Das im November 2022 nach Wien expandierte Startup Liefergrün musste Insolvenz anmelden. Betroffen ist nicht nur die in Wien sitzende Österreich-Tochter des Logistik-Startups, die heute einen Konkursantrag stellte, sondern auch das Mutterunternehmen in Deutschland mit Hauptsitz in Berlin. Die Gründe der Zahlungsunfähigkeit sind unbekannt. Stellungnahmen gibt es bislang keine, heißt es in mehreren deutschen Medien.

Erst 2022 schloss das in Münster gegründete Unternehmen eine Finanzierungsrunde ab – damals mit eCapital, Speedinvest und Norrsken VC und einer Summe von rund zwölf Millionen Euro. Auch das deutsche Logistik-Unternehmen DB Schenker ließ Kapital zufließen.

Munkeln über Personalveränderungen bei Liefergrün

Liefergrün wurde 2020 von Max Schleper, Robin Wingenbach und Niklas Tauch gegründet. In Anbetracht der Insolvenz herrschen Spekulationen über die etwaigen Einflüsse vergangener Personalveränderungen – so auch über Co-Founder Wingenbach, dessen COO-Tätigkeit im November 2022 von Nils Fischer übernommen wurde. Fischer war zuvor als Investor am Unternehmen beteiligt gewesen.

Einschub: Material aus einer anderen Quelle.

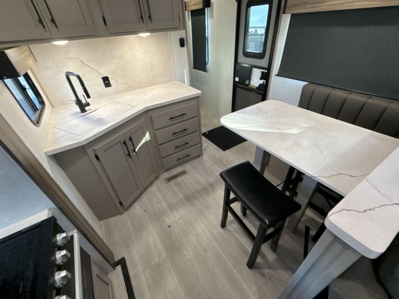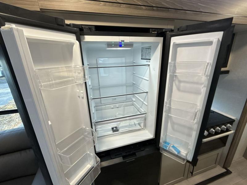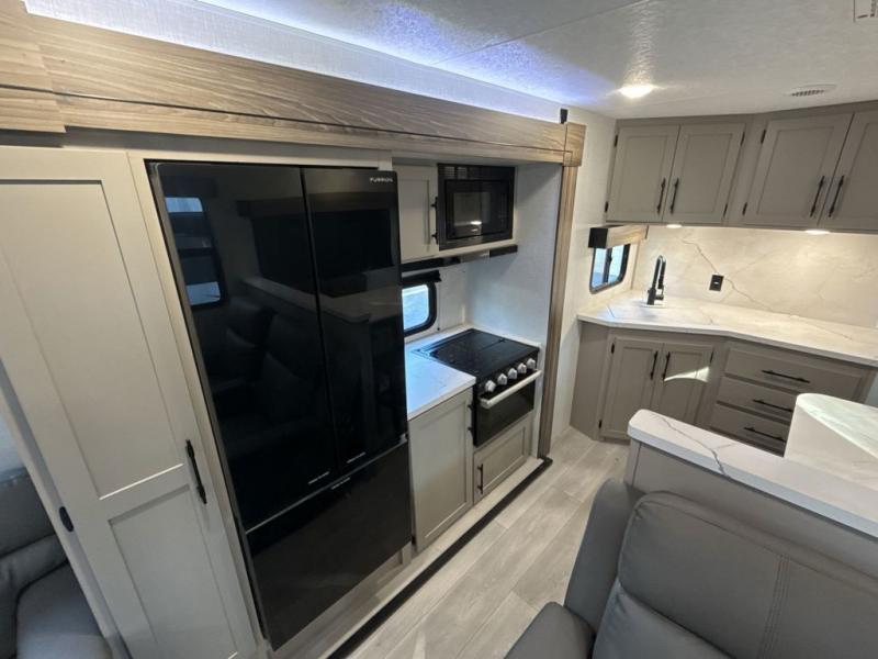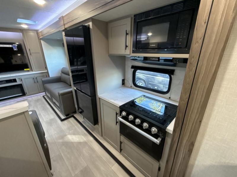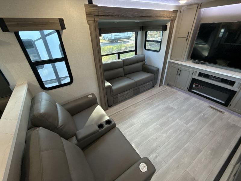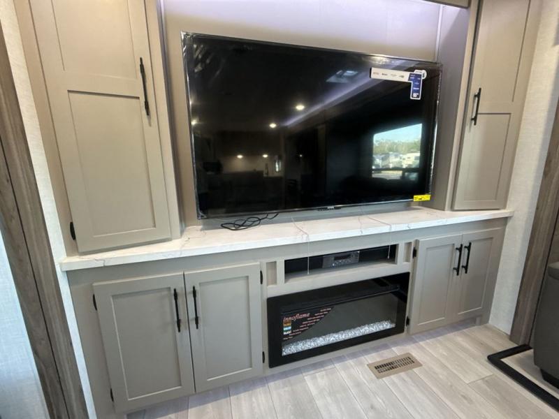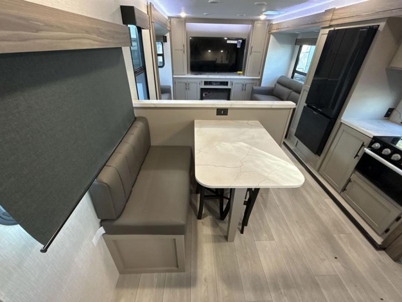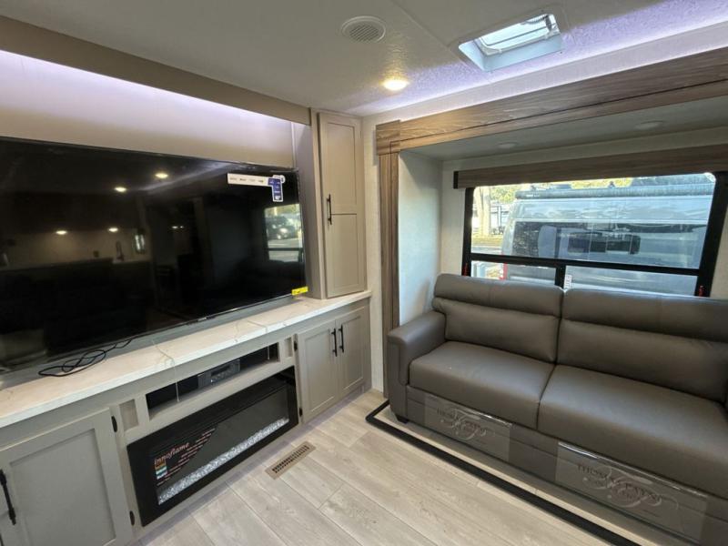 Head for the hills, lake, or woods in this spacious travel trailer. Once your gear is unloaded from the pass-through storage, set up the 19' power awning with LED lights and relax with a cold drink. Once you head inside you can make lunch on the three burner range and dine at the dinette that includes two chairs and bench seating. The rear living area includes a rear entertainment center with an LED TV and a 34" fireplace for a cozy atmosphere. There is also theater seating here and two 70" sofas within the dual opposing slides where your guests can sleep. And you will enjoy the front private bedroom with a king bed all to yourselves!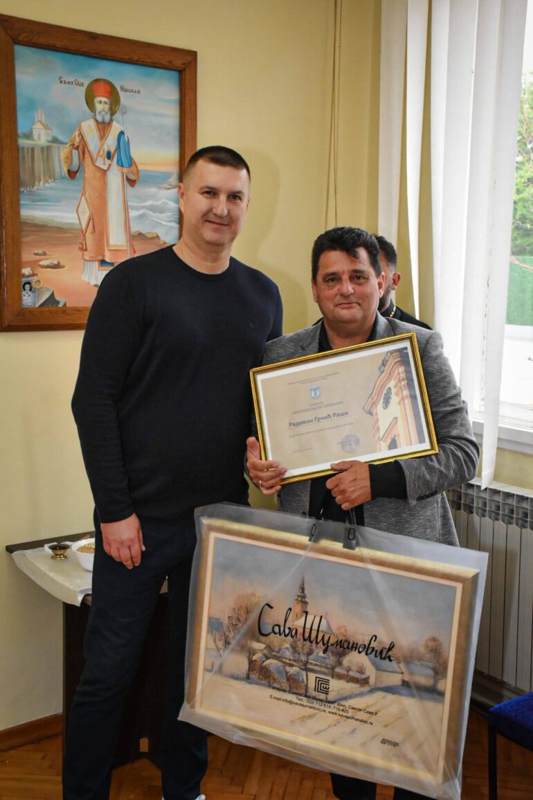 U prostorijama MZ Šid osveštan je slavski kolač i dodeljena tradicionalna Svetonikoljska priznanja zaslužnim pojedincima i kolektivima koji svojim radom i zalaganjem doprinose afirmaciji grada. Priznanje je uručio poverenik MZ Šid, Goran Grahovac, a ovogodišnji laureat je Radovan Grčić Raša, umetnički rukovodilac SKUD-a „Sveti Sava“.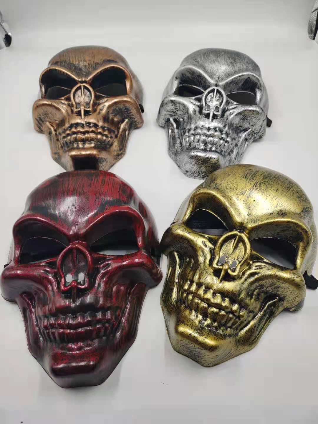 ハロウィンV字型フェイスマスク、電気メッキアンティーク風ホラーマスク、厚手マット仕上げ、アイライナー付きPVC製、紅葉マスク、鬼頭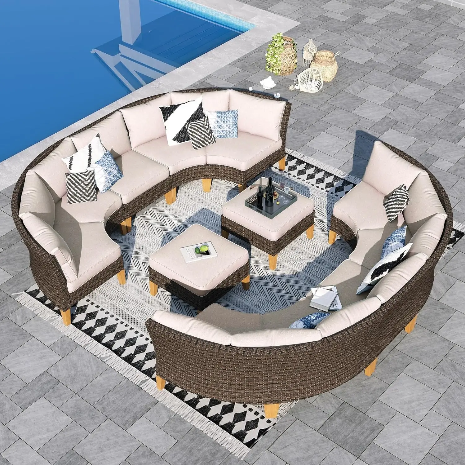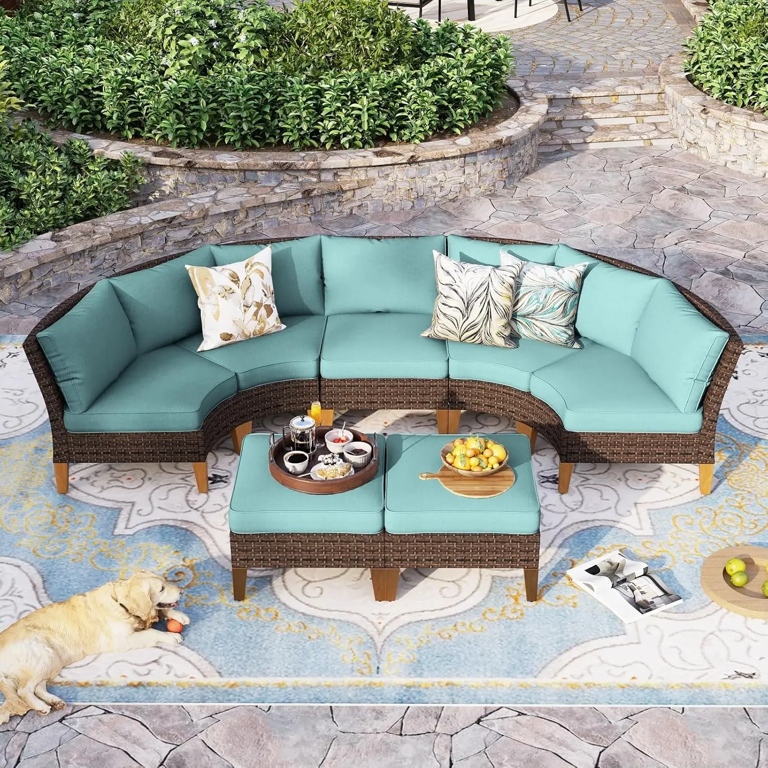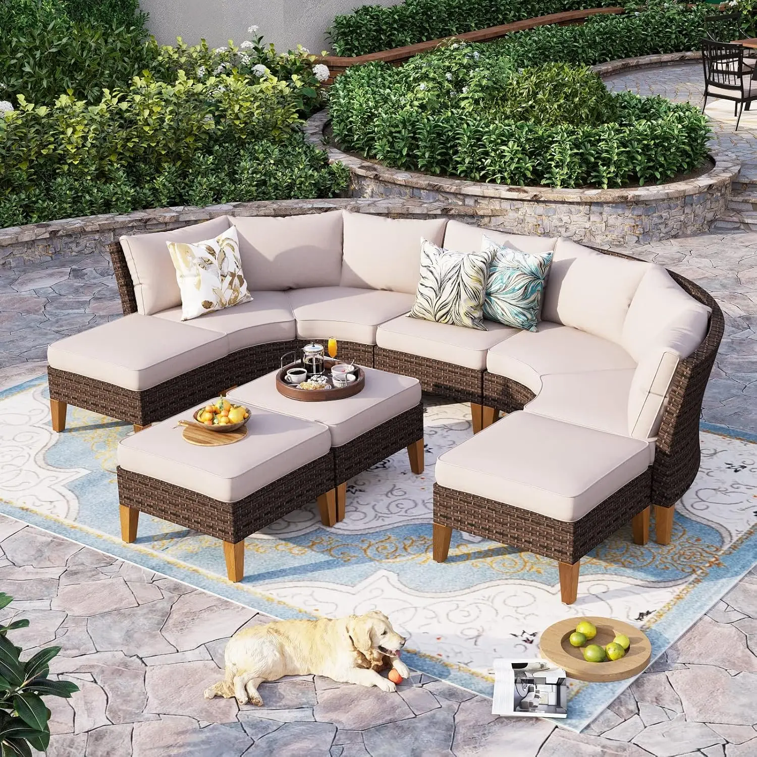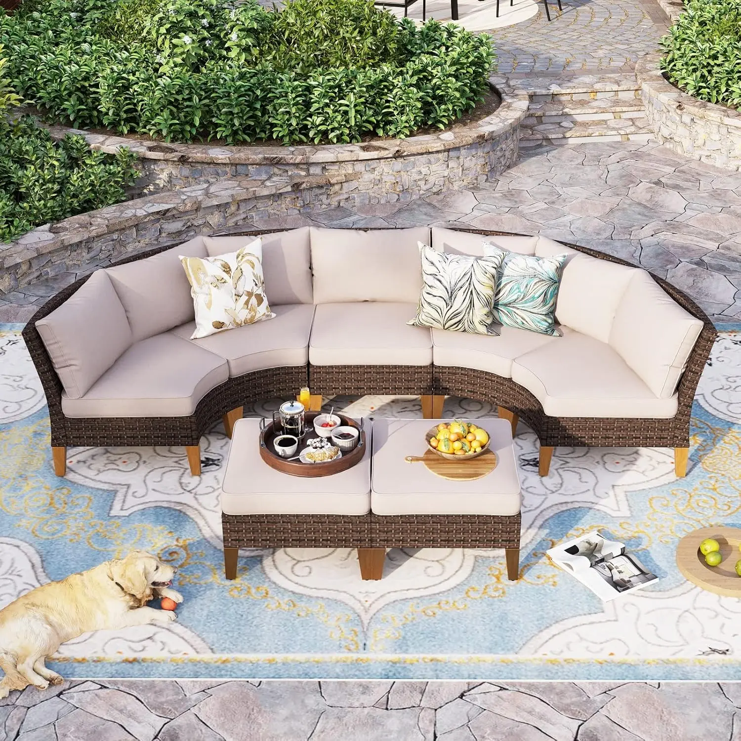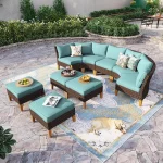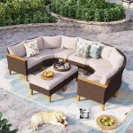 Half Moon Design: Our outdoor patio furniture set features a unique half moon design that adds a touch of elegance and sophistication to your outdoor space. The curved shape creates a cozy and intimate seating area that is perfect for entertaining guests or lounging with your loved ones. This halfmoon set fits in Gazebo. You can also use ottoman in a variety of ways. It can be used as a footrest, extra seating, or even as a coffee table
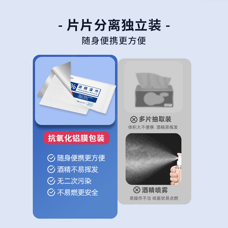 75度酒精消毒湿巾一次性小包学生杀菌大尺寸单片单独独立包装便携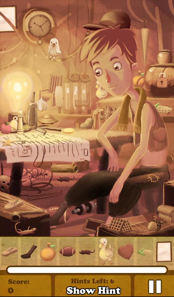 Aladdin ist ein wunderschönes bemalte, verstecktes Objektspiel mit einer großartigen Verdrehungsgeschichte. Genießen Sie 11 schöne handgemalte Levels, während Sie Aladdins Abenteuer in einer von Dampf Punk beeinflussten Welt folgen. Jede Szene ist voll von Gegenständen und für jedes Spiel müssen verschiedene gefunden werden.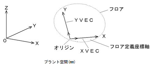 Fileに記録されるDataとしてはフロア定義座標軸(X軸,Y軸)のプラント空間上での方向(X軸ベクトル、Y軸ベクトル)で表わされます。

Mit November 2022 expandierte das Delivery-Startup nach Wien. Die Entwicklung des österreichischen Marktes hatte Sascha Sauer inne, der zuvor als Head of Logisitics und Head of Sales als Prokurist bei Hermes Logistik in Österreich tätig war (brutkasten berichtete). Laut Sauers LinkedIn-Profil war dieser nur bis Juni 2023 bei Liefergrün tätig und ist nun als Head of Logistics bei Anexia tätig.

Ziel war nachhaltiger Lieferservice

Ziel des Delivery-Startups war es, Lieferungen auf ihrer „letzten Meile“ via (Lasten-)Rad und E-Vans durchzuführen und damit Emissionen sowie Platzprobleme, die herkömmliche Lieferfahrzeuge vor allem in urbanen Räumen verursachen, zu verringern. Mit diesem Konzept kooperierte das Startup bereits mit Marken wie dyson, adidas und Shop-Apotheke.

Liefergrün ermöglicht es Kund:innen zu bestimmen, wann ihre Lieferung ankommen und die Retoure abgeholt werden soll. Mit einer eigens entwickelten App soll die optimale Route für Fahrer:innen mit dem passenden Fahrzeug errechnet werden. Damit sollen Lieferungen effizienter werden und um bis zu 86 Prozent an Emissionen im Vergleich zu herkömmlichen Lieferprozessen sparen.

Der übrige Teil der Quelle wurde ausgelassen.